14 And the Word became flesh and dwelt among us, and we have seen his glory, glory as of the only Son from the Father, full of grace and truth. 15 (John bore witness about him, and cried out, “This was he of whom I said, ‘He who comes after me ranks before me, because he was before me.’”) 16 For from his fullness we have all received, grace upon grace. 17 For the law was given through Moses; grace and truth came through Jesus Christ. 18 No one has ever seen God; the only God, who is at the Father’s side, he has made him known.

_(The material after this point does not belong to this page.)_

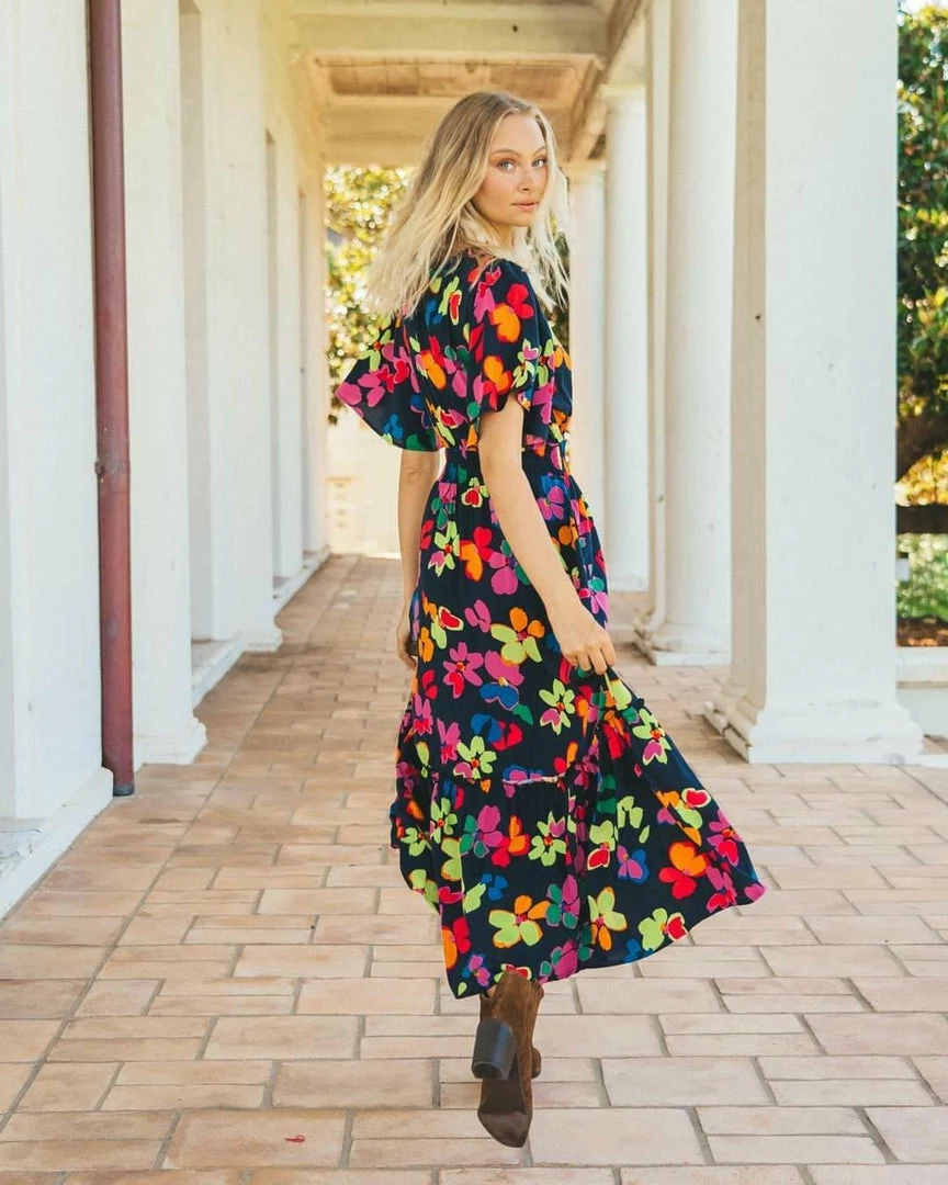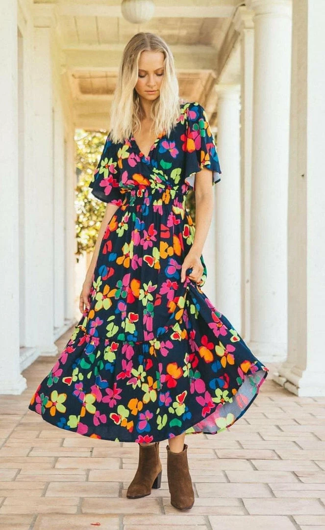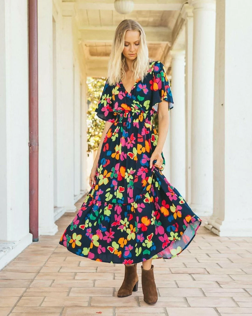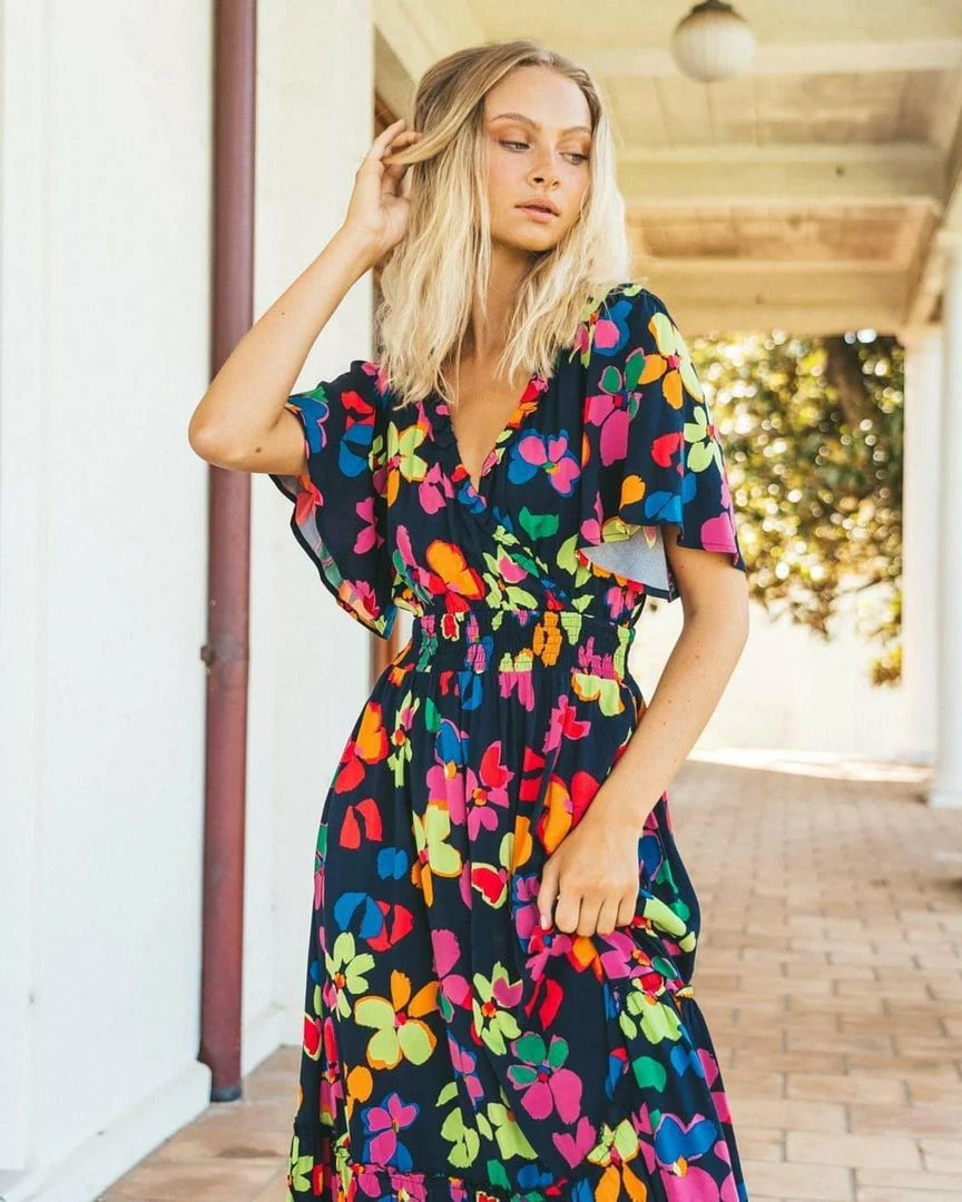 The ‘Addison Maxi Dress’ is a wardrobe staple this season! It features a multi toned floral print perfect for Summer, maxi length, short sleeves and a flowy swishy skirt.Â

English Standard Version, copyright 2001 by Crossway Bibles. Used by permission. All rights reserved.

DIGGING DEEPER

  1. The word “dwelt” in verse 14 is very important. In Greek, it is the word for set up a tent. What does it imply that Jesus, the only son of God, “set up his tent among us”?
  2. What does John the Baptist’s testimony in verse 15 show about his understanding of Jesus as both God and man?
  3. What do we receive as a result of Jesus being fully God and fully man?
  4. In verse 18, the pronoun “he” refers to Jesus and the pronoun “him” refers to God. Read the verse again replacing the pronouns for their proper names. In light of this, why is it so important to study the life and teachings of Jesus?

RESPOND TO GOD

These five verses are packed with truth, but the first verse of the passage should amaze and challenge and encourage us. Jesus “set up his tent among us” by becoming flesh and living on the earth. God had graciously given the Law of Moses to the Jews to point them to himself, and now in the person of Jesus, he wasn’t just pointing the world to himself, he was giving the world himself. Jesus was the Word made flesh; he has made God known. That’s how much God wants for you to know him. The creator became a creature so that we could experience his glory. No one has ever seen God, but because Jesus dwelt among us we can know God—a God who loved us so much he sent his son, heaping grace upon grace.

  • Thank God that he sent Jesus so that we could experience grace and truth.
  • Commit to studying the life of Jesus so that you can better know God.